Extended Optimizer Statistics in Oracle 11g Improve Performance

on December 21, 2012

Better execution plans for faster running SQL is a common goal. Unfortunately good index choices may often be missed in an execution plan. Tables joined in the wrong order can lead to slower, more cumbersome joins as excess data is carried through a query. To circumvent, programmers have tried to insert the LEADING or ORDERED hints. But even after histograms have been run, Oracle still may not generate an optimal execution plan because it doesn’t have enough understanding of the data.

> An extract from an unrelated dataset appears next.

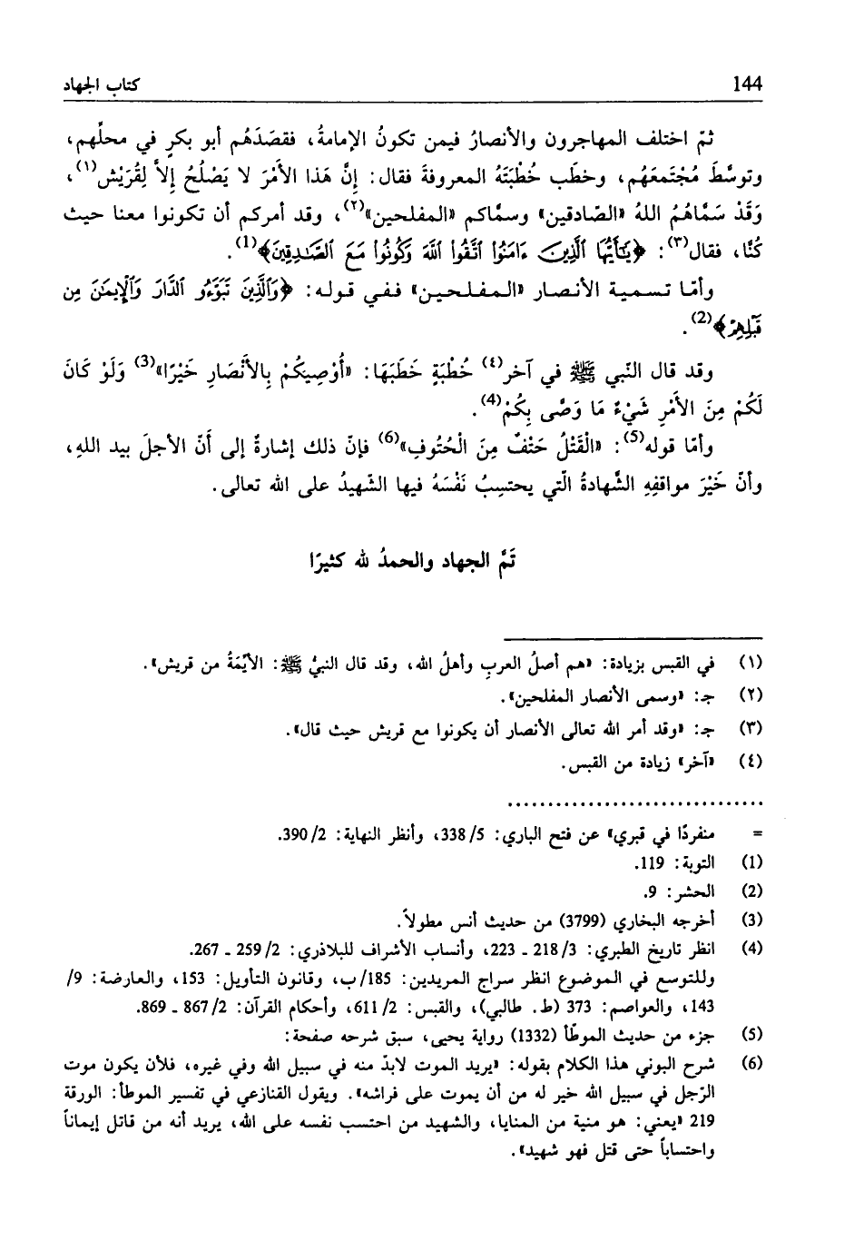 (¬6) شرح البوني هذا الكلام بقوله: "يريد الموت لا بدّ منه في سبيل الله وفي غيره، فلأن يكون موت الرَّجل في سبيل الله خير له من أنّ يموت على فراشه". ويقول القنازعي في تفسير الموطَّأ: الورقة 219 "يعني: هو منية من المنايا، والشهيد من احتسب نفسه على الله، يريد أنّه من قاتل إيمانًا واحتسابًا حتّى قتل فهو شهيد".

One piece of missing information was the understanding of relationships between columns on a given table. If two or more columns were related, Oracle sometimes had difficulty calculating the cardinality or selectivity when the columns were in a query together. Additionally, the optimizer needed more information to get exact cardinality when there were expressions or functions used on a column in a query. Oracle 11g now has a mechanism for extending the statistics so that better execution paths can be chosen.

Gathering Statistics

To demonstrate the gathering of the additional statistics, a small table CARS has been created. The columns MAKE and MODEL are interrelated and the column COLOR has mixed case, so that the function UPPER can be used to affect the cardinality.

1. Begin by gathering column statistics without any histograms. Then run a query against user_tab_col_statistics to look at the cardinality, density and histogram data. Through the process of adding extended statistics, we will see this column statistics view change as the new extended statistics are added.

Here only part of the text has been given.